With the aim of restricting the costs of decorative paper and of preventing expansion, a method is known, for example from the DE 197 25 829 C1, wherein the analog printing process, for example an offset process, is used to print directly on the plate shaped substrate, whether or not with the intermediary of preparatory layers, such as melamine based layers. The printed decor is finished with melamine based layers and the created whole is cured using a pressing operation. Directly printing on the plate may lead to inferior printing quality. Any inhomogeneity internally in the plate or at its surface has a high risk of telegraphing to the upper surface, thereby forming a visual defect at the surface of the finished decorative panel. The printing process furthermore shows the same problems regarding the attainable flexibility, as when printing on paper. Finally, any quality issue on the print will result in loss of valuable board material.
Instead of analog printing techniques, digital printing techniques, especially inkjet printing technique, is becoming increasingly popular for the creation of decors or patterns, be it on paper or directly on a plate-shaped substrate possibly with the intermediary of preparatory layers. Such digital techniques can enhance the flexibility in the printing of decors significantly. Reference is made to the EP 1 872 959, WO 2011/124503, EP 1 857 511, EP 2 431 190, EP 2 293 946 and the WO 2015/118451, where such techniques are disclosed.

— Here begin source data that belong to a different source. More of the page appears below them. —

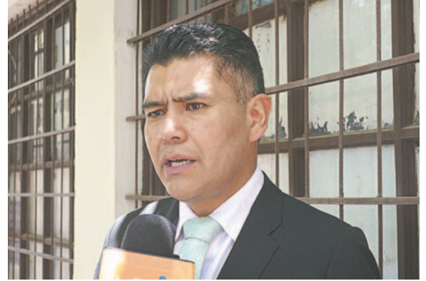
El fiscal Antezana precisó que el autor del crimen se sometió a un procedimiento abreviado que resultó en su sentencia

Según las investigaciones de la Fuerza Especial de Lucha Contra el Crimen (Felcc) y la Fiscalía, los amigos de colegio y camaradas de cuartel, antes del hecho de sangre,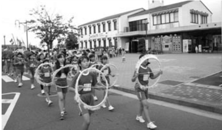
演奏しながら行進する鏡石一小の5・6年生

町交通安全対策協議会が主催する鏡石第一小学校5、6年生による交通安全鼓笛隊パレードが、9月24日(金)午後3時から、鏡石一小校庭から鏡石駅前を一周するコースで行われました。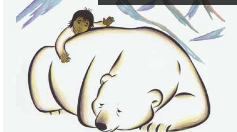
"O menino que queria ser urso" de Jannik Hastrup, Dinamarca

Centro Multimeios de Espinho Sala António Gaio | Entrada Livre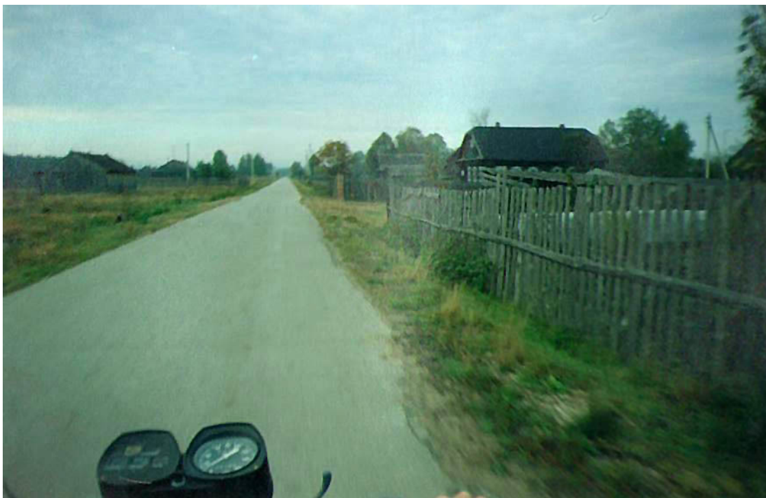
Фотография № 4. «Рассекаем!»

Сделана из-за спины физрука, когда мы едем на работу, вдвоём оседлав мотоцикл. Асфальтовая дорога уходит к самому горизонту, справа тянется убогая изгородь из тонких сереньких дощечек, видны кое-какие домишки. Посёлок, где мы живём, возник сравнительно недавно, в советское время, построен на тят-ляп: дома, больше похожие на бараки, от времени посерели. Довольно жалкое зрелище. Пример того – школа.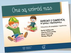
DZIECKO Z CUKRZYCĄ W SZKOLE I PRZEDSZKOLU

Dotychczas w serii „One są wśród nas” ukazały się: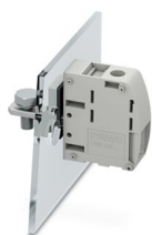
Abbildung zeigt Standardartikel

Durchführungsklemme, Anschlussart: Schraubanschluss mit Zughülse, Kabelschuhanschluss, Polzahl: 1, Belastungsstrom: 150 A, Anschlussrichtung des Leiters zur Steckrichtung: 0 °, Breite: 18,8 mm, Farbe: grau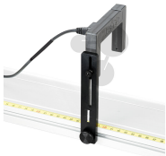
Lichtschrankenhalter 2 Stk. Bestellnummer 1041586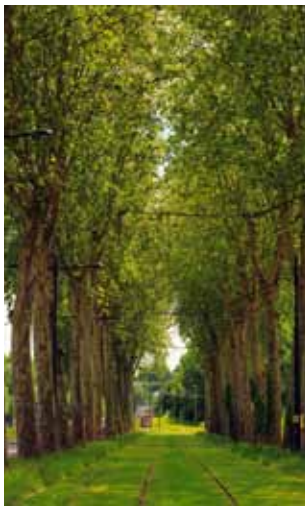
L'avenue de Pont-Cher

EP 2 132 041 discloses a method at least comprising the step of providing said paper layer with thermosetting resin and the step of providing said resin provided paper layer with at least a portion of said printed pattern. Preferably multi color printed patterns are applied for the realization of a decor, e.g. representing a wood pattern, on the abovementioned paper layer. Such decor extends over the majority, or even over the totality of the resin provided paper layer. Such a technique is known as such for example from the EP 2 132 041, where a digital printer, more particularly an inkjet printer is applied. It has however been very difficult to reliably further process such printed paper for manufacturing laminate panels, such as in a DPL process, since pressing defects may originate in the resin surface and milling, drilling or sawing through the laminate surface or at the edge thereof often leads to splitting in the top layer. Furthermore the inks or dyes of the EP'041 may overly wet the paper layer and cause wrinkling effects or bleeding upon further handling of the printed paper, leading to an instable and/or slow production process. To solve this issue the EP'041 propose to immediately dry the printed paper layer.
EP 1 044 822, EP 1 749 676 and EP 2 274 485 disclose the use of an inkjet receiver coating to enhance the printing quality on a raw decor paper. Such inkjet receiver coating comprises pigments and a polymer such as Polyvinyl alcohol.
As recognized in WO 2015/118451 the use of paper treated with an inkjet receiver coating may lead to malfunctioning of the printing equipment. Dust may release from the inkjet receiver coating and bring about all sorts of malicious effects to the critical parts of an inkjet printer. The dust may for example clog one or more of the nozzles and lead to printing faults. WO 2015/118451 proposes to avoid too large a bent in the paper in the printing equipment to minimize the release of dust.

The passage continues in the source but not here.